Gibbs's efforts in the movement to abolish slavery helped both free blacks and their enslaved brethren. As the Civil War drew to a close, Gibbs left Philadelphia and journeyed to the South to help rebuild the former Confederate states and to educate the ex-slaves and poor whites who were left destitute in the wake of the bloody ravages of war.

===Move to the South===
On December 18, 1864, Gibbs announced his departure from the First African Presbyterian Church. One factor was "a bitter divorce" which "scandalized his Philadelphia congregation". He "was invited to go South for several months to look to the needs of Freedmen." His endeavor expanded into a project of several years, as Gibbs labored alongside other missionaries as part of the American Home Missionary Society. Gibbs arrived at New Bern, North Carolina, where he wrote a letter published in The Christian Recorder. He described postwar conditions: "The destitution and suffering of this people extended my wildest dream; old men and women bending to the ground, heads white with the frosts and hardships of many winters, as well as the innocent babe of a few weeks, contribute to make up this scene of misery." Gibbs eventually settled in Charleston, South Carolina, where he became established in a local church and opened a school for the children of freedmen in 1865, Wallingford Academy.

Freedmen faced uncertainty as well as great opportunities. As early as 1866, the need for missionary activities among the freedmen was mentioned prominently in The First Annual Report of the General Assembly's Committee on Freedmen of the Presbyterian Church in the United States of America. The Report stated, "The condition of the freedmen, their native peculiarities, and the various influences to which they are subjected, have much to do in determining the success of missions, and the plan of the church's operation for their benefit." This same report also illuminated the perspective of Northern missionaries in dealing with the situation, saying that newly freed blacks are
passing through 'a howling wilderness' of social, political, and religious problems, as striking and peculiar as those found by the Israelites in their journey from the 'house of bondage' to the land of their fathers. And all these problems impinge upon the work of their religious education, in every branch of it, either directly or remotely.
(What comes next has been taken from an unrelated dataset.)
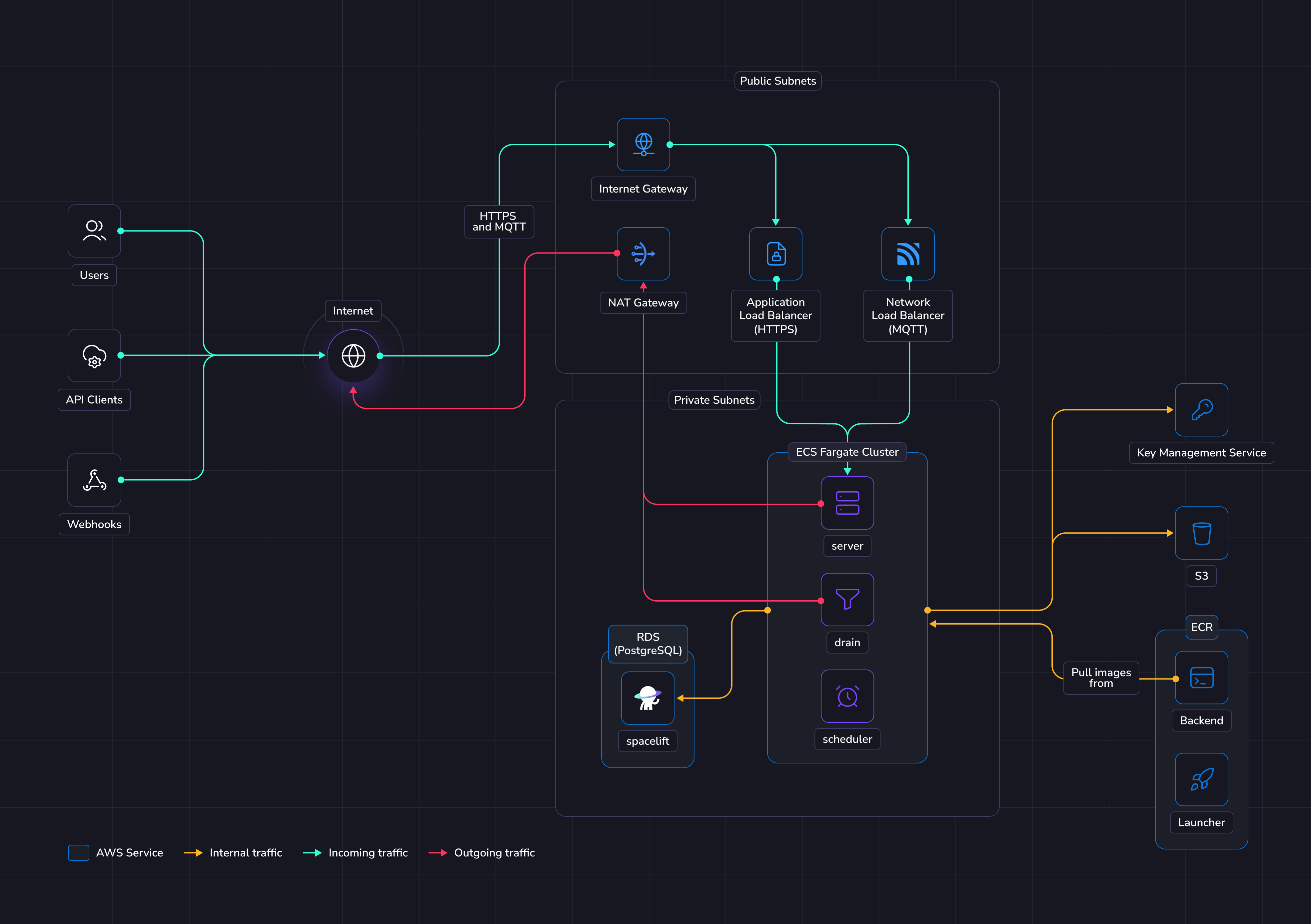 The illustration below shows what the infrastructure looks like when running Spacelift in ECS.

Missionary activity in the South was not a new occurrence. The Great Awakening had been a period during which many missionaries evangelized in the region. In addition, contraband camps had been set up near many forts, and some missionaries lived and worked among them. Historian Steven Hahn has noted that:

The missionaries and reformers, charged as many were with evangelical fervor, sought not only to strike fatal blows against the institution of slavery but also to reshape the character and morals of the institutions direct victims. Assuming, for the most part, that the slaves had emerged from an experience of degradation and cultural barbarism, they expected to teach essential lessons in the proper conduct of faith, family, health, and livelihood as well as in the rudiments of reading and writing.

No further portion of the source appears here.